Bersikaplah tenang. Tidak apa-apa jika anak melihat orang dewasa bersedih, tetapi jika emosi yang dirasakan terlalu intens, berusahalah berlapang dada.

Yakinkan anak-anak tentang keselamatannya. Jika diperlukan, tinjau kembali rencana keluarga untuk merespons keadaan darurat ini.

Pertahankan rutinitas. Cara ini untuk memberi anak rasa normal. Jaga rutinitas keluarga seperti makan malam, pekerjaan rumah, dan waktu tidur keluarga.

Habiskan waktu ekstra bersama. Langkah ini dapat menumbuhkan rasa aman pada anak. Dorong agar anak mau mengungkapkan perasaannya.

Lakukan sesuatu untuk membantu para penyintas dan keluarganya. Pertimbangkan apa saja yang bisa dilakukan oleh Mama dan keluarga untuk membantu.

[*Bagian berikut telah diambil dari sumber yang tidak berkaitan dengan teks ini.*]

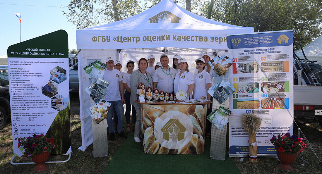 Сотрудники Курского филиала ФГБУ «Центр оценки качества зерна» представили информационные стенды на двух участках: в поле наряду с сельскохозяйственной техникой и другими федеральными службами области, а также в выставочном павильоне сельскохозяйственной, пищевой и перерабатывающей промышленности, на которых все посетители смогли ознакомиться с оказываемыми услугами и работой Учреждения в целом, а также получить квалифицированную консультацию специалистов по всем интересующим вопросам. Отметим, что стенды Курского филиала посетил председатель комитета агропромышленного комплекса Курской области Иван Музалёв.

Kenali tanda-tanda jika anak mengalami kesulitan

Sebagian anak mungkin tidak mudah menghadapi situasi sulit ini karena alasan tertentu. Ada beberapa tanda yang bisa diamati orangtua misalnya mengalami gangguan tidur, ada keluhan fisik misalnya merasa lelah, sakit kepala atau sakit perut, atau mungkin hanya merasa tidak enak badan. 

Anak juga bisa menunjukkan perubahan perilaku yang mungkin termasuk regresif, seperti bersikap tidak dewasa atau menjadi tidak sabar. Bisa juga mengalami masalah kesehatan mental seperti depresi atau peningkatan kecemasan.

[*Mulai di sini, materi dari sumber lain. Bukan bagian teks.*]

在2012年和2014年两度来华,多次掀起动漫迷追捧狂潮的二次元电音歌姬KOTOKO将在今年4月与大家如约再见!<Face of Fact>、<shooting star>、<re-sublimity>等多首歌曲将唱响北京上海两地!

Tidak mudah mengetahui apakah hal ini reaksi anak atas sebuah kejadian buruk atau karena sebab lain. Jika Mama mengkhawatirkannya, bicarakan dengan dokter anak.

Meskipun ini situasi yang tidak mudah, berbicara dengan anak merupakan langkah terbaik sebelum mereka mendapatkan informasi dari luar sana yang belum bisa dipastikan kebenarannya.